Julio wondered why they had not used the chainsaws in the first place then realized it was probably because his father wanted him to ‘work’ through his emergence as a killer. Now, he felt the transformation within himself and knew at that very moment he would never be the same. But, he would also never be like his father.
One of his father’s men – a man whom Julio had heard being referred to as
El Monstruo,
The Monster – dismembered the bodies with the chainsaw and placed them in black plastic bags. He was a frightening presence, as wide as he was tall. His eyes were as black and lifeless as a shark’s, set into acne-scarred skin. His other facial features were blunted and slightly out of place, as if the sculptor who moulded him left him in the kiln too long. His mouth hung open as if his nose did not take in air. As toad-like as he looked, his hands moved quickly with saw and blade; an efficient and experienced butcher. Once in bags, the parts were then placed into wooden shipping containers that, Julio later learned, to his horror, were shipped back to the dead men’s families.
Emilio put his arm around his son’s shoulders, grinning as if his son had just scored the final goal at the World Cup, and said, ‘Okay.
Now
, you are a man. Let’s get cleaned up. Those lusty whores in the house want more of you, I’m sure.’ He beamed proudly as he said this, but Julio did not. Sex was absolutely the last thing on his mind at that moment.

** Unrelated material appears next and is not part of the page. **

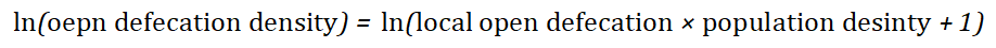 该文依照Jayachandran & Pande (2013, 2017)构建样本的方式,将DHS中2005年的印度数据与27组SSA地区的截面数据混合。其中,一个关键的解释变量是OD密度(Oepn Defecation Density),其对数形式依下式构建:![]()

It was Sara Logan on the phone. ‘Good morning,’ she purred.
Despite everything, his heart crept into his throat. ‘Are you here?’ he croaked. ‘I mean, at the hotel?’
‘No,’ she answered. ‘Still at the Gaylord Palms. We Feds like to stay at Marriotts. I keep the reward points and use them when I go on vacation.’

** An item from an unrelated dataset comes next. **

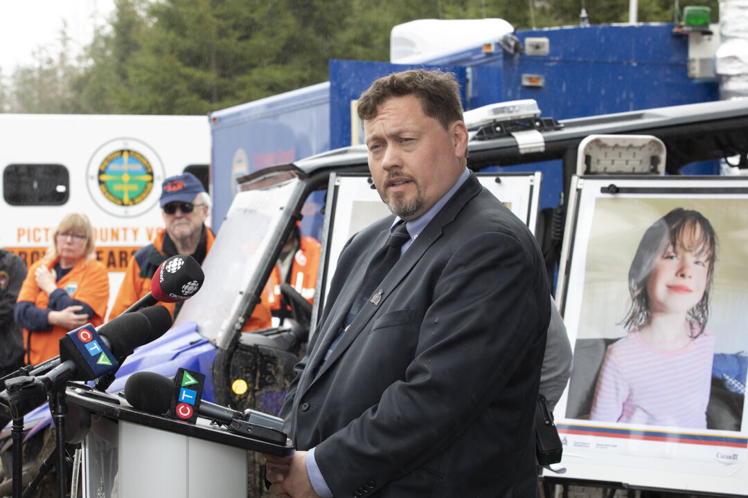Nova Scotia RCMP Staff Sgt. Rob McCamon speaks to reporters about the search for missing siblings Lilly and Jack Sullivan, on May 7, 2025. The Canadian Press/Ron Ward

‘Since when do you take vacations?’
‘You’re always on vacation when you love your job.’
‘I wouldn’t know.’ Thiery rubbed his head, aching from lack of sleep.
‘You should come up. I’m sure it’s a wee bit nicer than your dive.’
Thiery ignored the invite. ‘I don’t know. This place is pretty sweet, if you don’t mind cockroaches.’
‘Eeeeyew,’ said Logan. ‘I’ve got a suite with a balcony overlooking a lake and a huge, very comfortable bed. I’m afraid I’ll get lost in it all by myself.’
Thiery shook his head. The girl didn’t give up. ‘I’m sure you’ll be fine.’ Changing the subject, he asked, ‘Anything new on your end?’
‘With the school shooting?’
‘Ye-es,’ he said, managing to make the word into two syllables.
He closed his eyes and could see her as clearly as if she were still in the bedroom they shared years ago. Still standing in front of the window at her little fuck pad in Ormond Beach, pulling her then shoulder length hair up into a ponytail, the sweat of their exertions still glistening on her dark skin.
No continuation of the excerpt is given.